> **WORK TO BE COMPLETED**
Would you return exactly the lines below from the line with "随后,自治区文化和旅游厅与交" through the line with "This elegant sectional", both included, and nothing else, leaving out the pictures?

Records excerpted from a collection
[Start of Attachment]

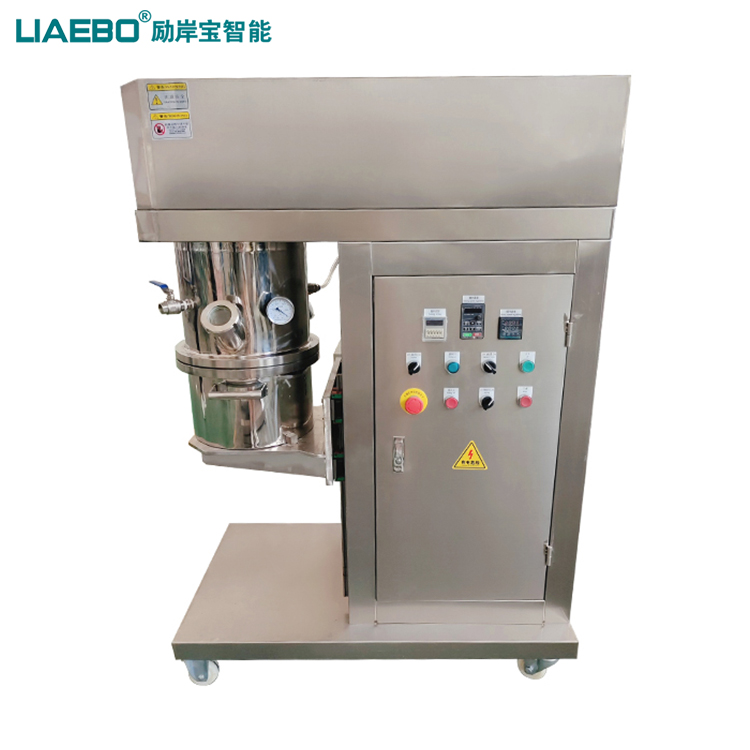 雙行星真空攪拌機是一種高性能、高效率、易清洗維護的新型攪拌設(shè)備。主要由減速電機、行星架、攪拌器、分散器、刮壁器、料桶、升降系統(tǒng)、液壓擠出系統(tǒng)以及機架等構(gòu)成,設(shè)備的雙組攪拌器運行時自轉(zhuǎn)同時繞著軸心進(jìn)行公轉(zhuǎn),攪拌器形式根據(jù)物料粘度和工藝特性選配,常見的包括漿葉式、麻花式、爪式、框式等,具備良好的混合、反應(yīng)、捏合、溶解的作用;高速分散器由多層具備極高線速度的鋸齒狀分散盤組成,它同樣在高速自轉(zhuǎn)的同時繞著軸心進(jìn)行公轉(zhuǎn),能夠?qū)⒎哿?助劑)快速的分散到漿料里,具備很強的分散作用。設(shè)備配有一組獨立刮刀,對桶壁進(jìn)行不斷的刮拭,同時攪拌漿葉可以增加刮片,對料桶底部進(jìn)行刮拭,避免攪拌死角,確保產(chǎn)品的穩(wěn)定性;雙行星真空攪拌機傳動采用行星齒輪傳動,有較大的輸出扭矩,適用干高溫、高固,高粘度等高難度工況;該設(shè)備采用密閉式設(shè)計,可以配合真空系統(tǒng),實現(xiàn)真空攪拌,攪拌桶也可設(shè)計帶夾套加熱,配合模溫機,實現(xiàn)恒溫攪拌功能,是市場上針對高粘度物料的分散、攪拌設(shè)備。
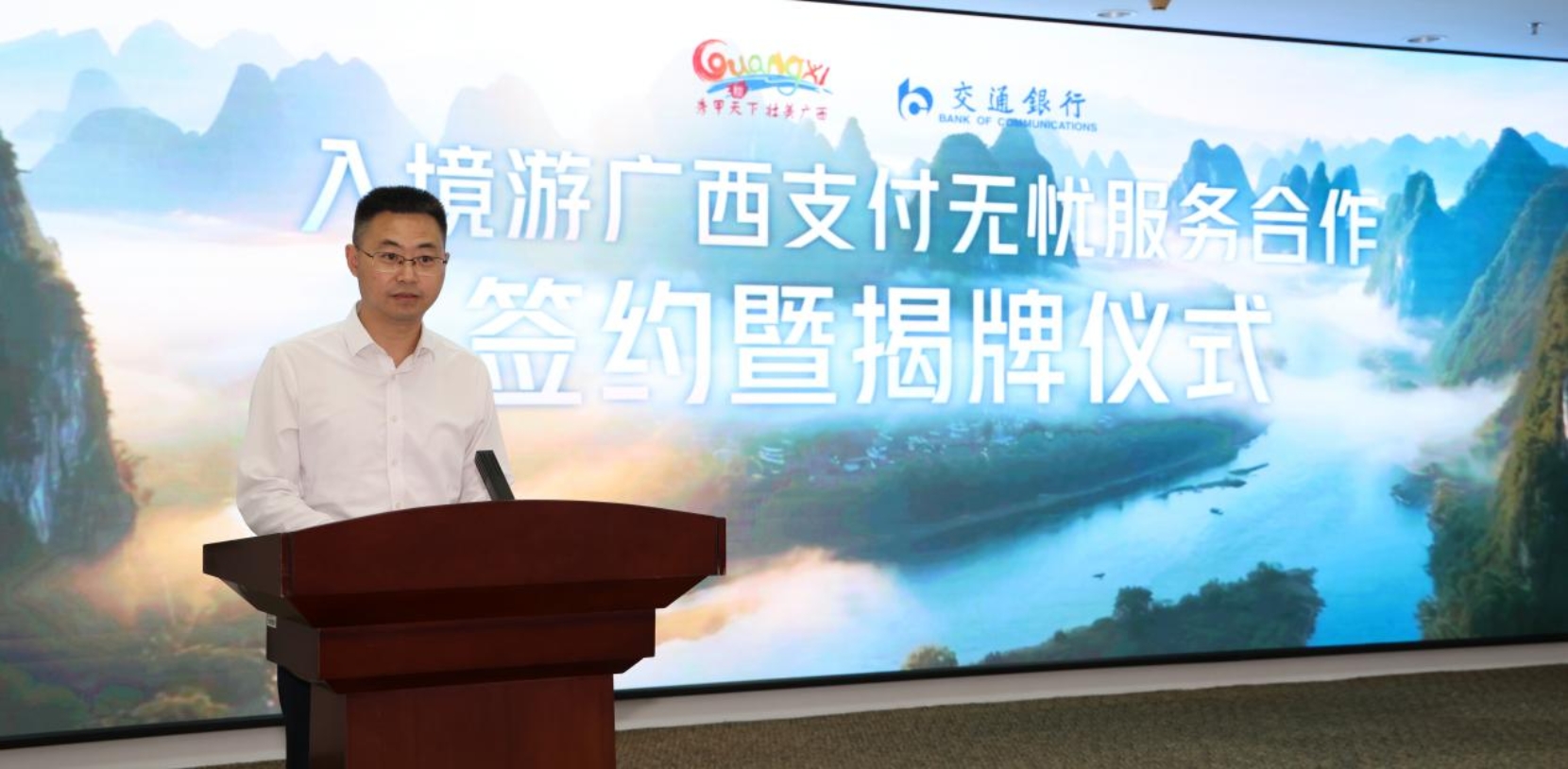 随后,自治区文化和旅游厅与交通银行广西区分行就入境游广西支付无忧服务合作进行签约,并为交通银行桂林分行营业部“GX-TravelEase Bank+”旅游金融服务网点揭牌。
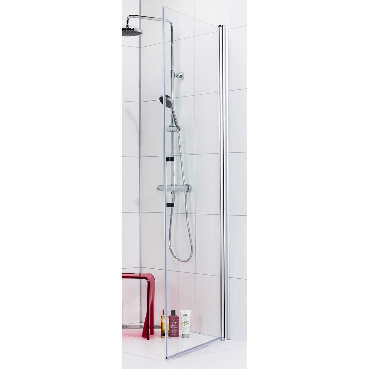 En flexibel och modern duschlösning bestående av en fast vägg tillsammans med en dörr, för montering i hörn. Duschlösningen ger dig stora variationsmöjligheter i dimensionerna. Du väljer själv vilken lösning som passar dig bäst, montering mot vägg eller tak. Duschen finns i klarglas, frostat glas samt Happy Going mönster. Vid rördragning för fast duschvägg måste duschväggen kompletteras med rördragningsprofil.
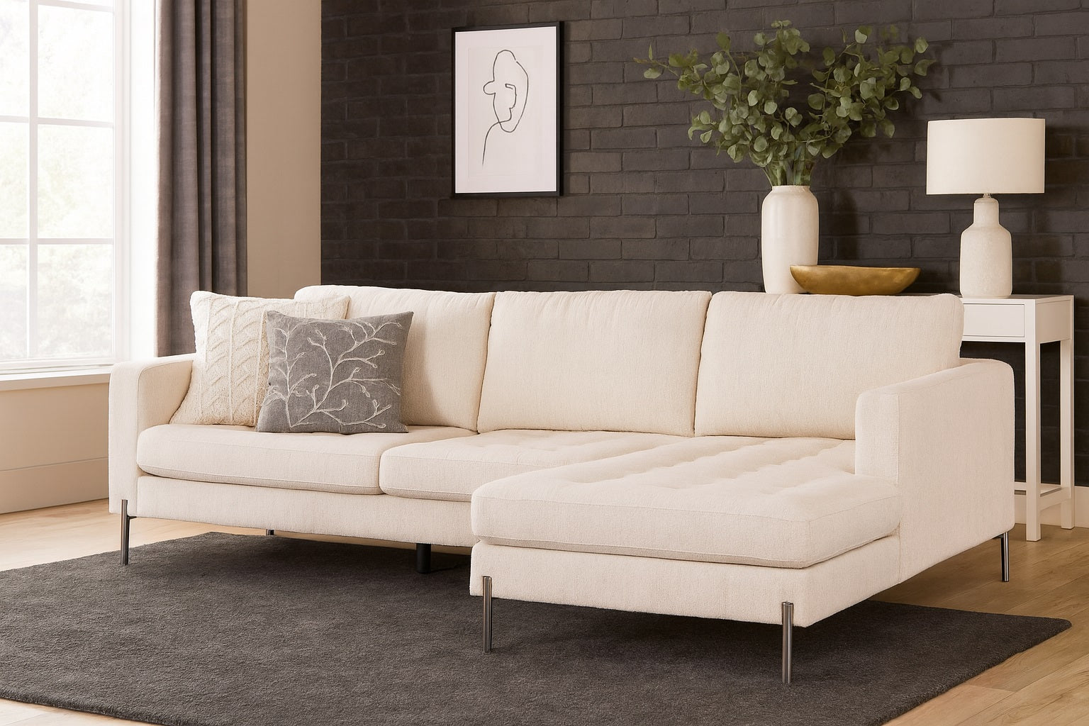 This elegant sectional sofa showcases a minimalist design with clean lines and upholstery that adds a soft, neutral touch to any living space. It features three generously sized back cushions and a tufted seat cushion on the chaise lounge, which extends to the right for added comfort and lounging versatility. The slim, metal legs lend a modern, airy feel while providing sturdy support. With its understated sophistication and functional layout, this piece is ideal for contemporary interiors seeking both style and relaxation.
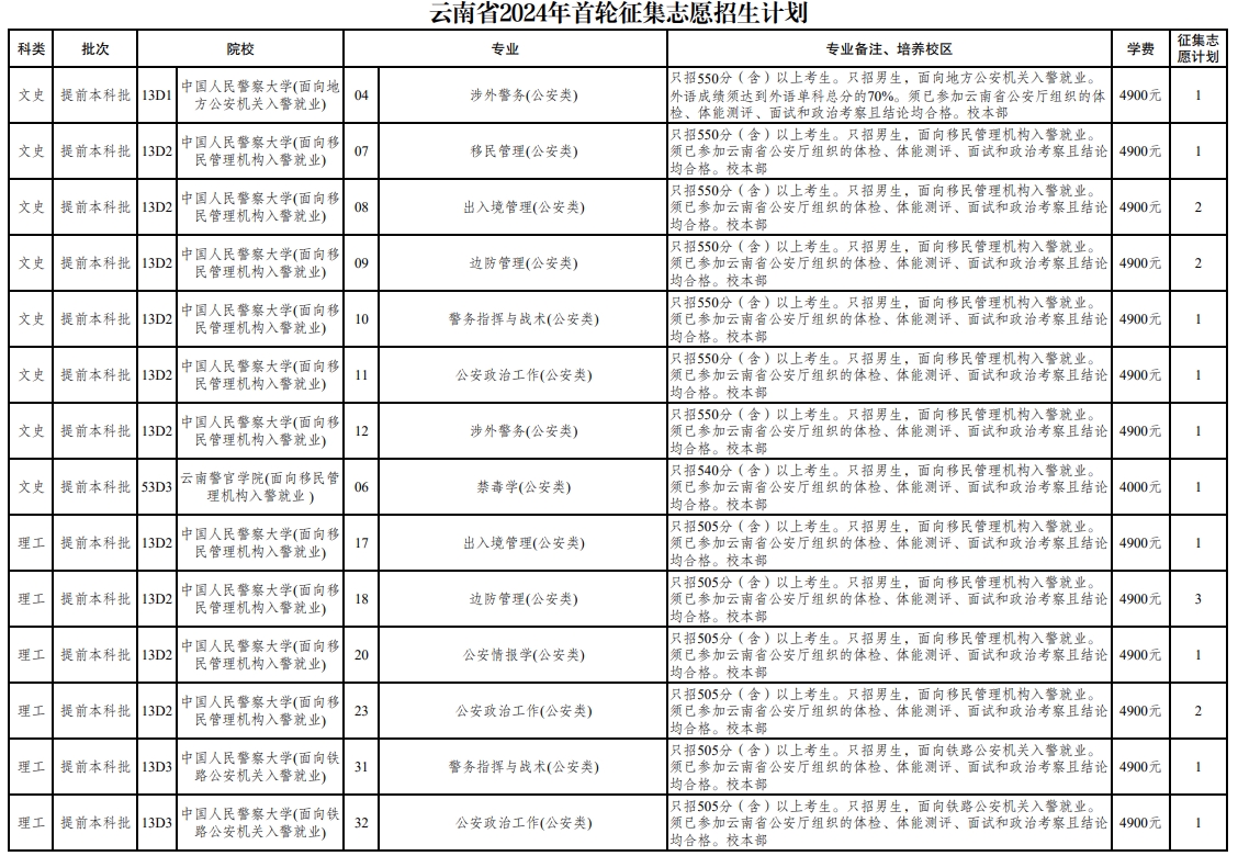 2024年本科提前批在云南省進行征集的院校有中國人民警察大學、云南警官學院、陸軍軍醫大學等;國家專項計劃在云南第一次征集的院校有中國人民大學、陜西師范大學、云南民族大學、北京理工大學、北京郵電大學、華東理工大學、浙江大學、廈門大學、福州大學等。

[End of Attachment]

> **REPLY TO THE EXERCISE**
 随后,自治区文化和旅游厅与交通银行广西区分行就入境游广西支付无忧服务合作进行签约,并为交通银行桂林分行营业部“GX-TravelEase Bank+”旅游金融服务网点揭牌。
 En flexibel och modern duschlösning bestående av en fast vägg tillsammans med en dörr, för montering i hörn. Duschlösningen ger dig stora variationsmöjligheter i dimensionerna. Du väljer själv vilken lösning som passar dig bäst, montering mot vägg eller tak. Duschen finns i klarglas, frostat glas samt Happy Going mönster. Vid rördragning för fast duschvägg måste duschväggen kompletteras med rördragningsprofil.
 This elegant sectional sofa showcases a minimalist design with clean lines and upholstery that adds a soft, neutral touch to any living space. It features three generously sized back cushions and a tufted seat cushion on the chaise lounge, which extends to the right for added comfort and lounging versatility. The slim, metal legs lend a modern, airy feel while providing sturdy support. With its understated sophistication and functional layout, this piece is ideal for contemporary interiors seeking both style and relaxation.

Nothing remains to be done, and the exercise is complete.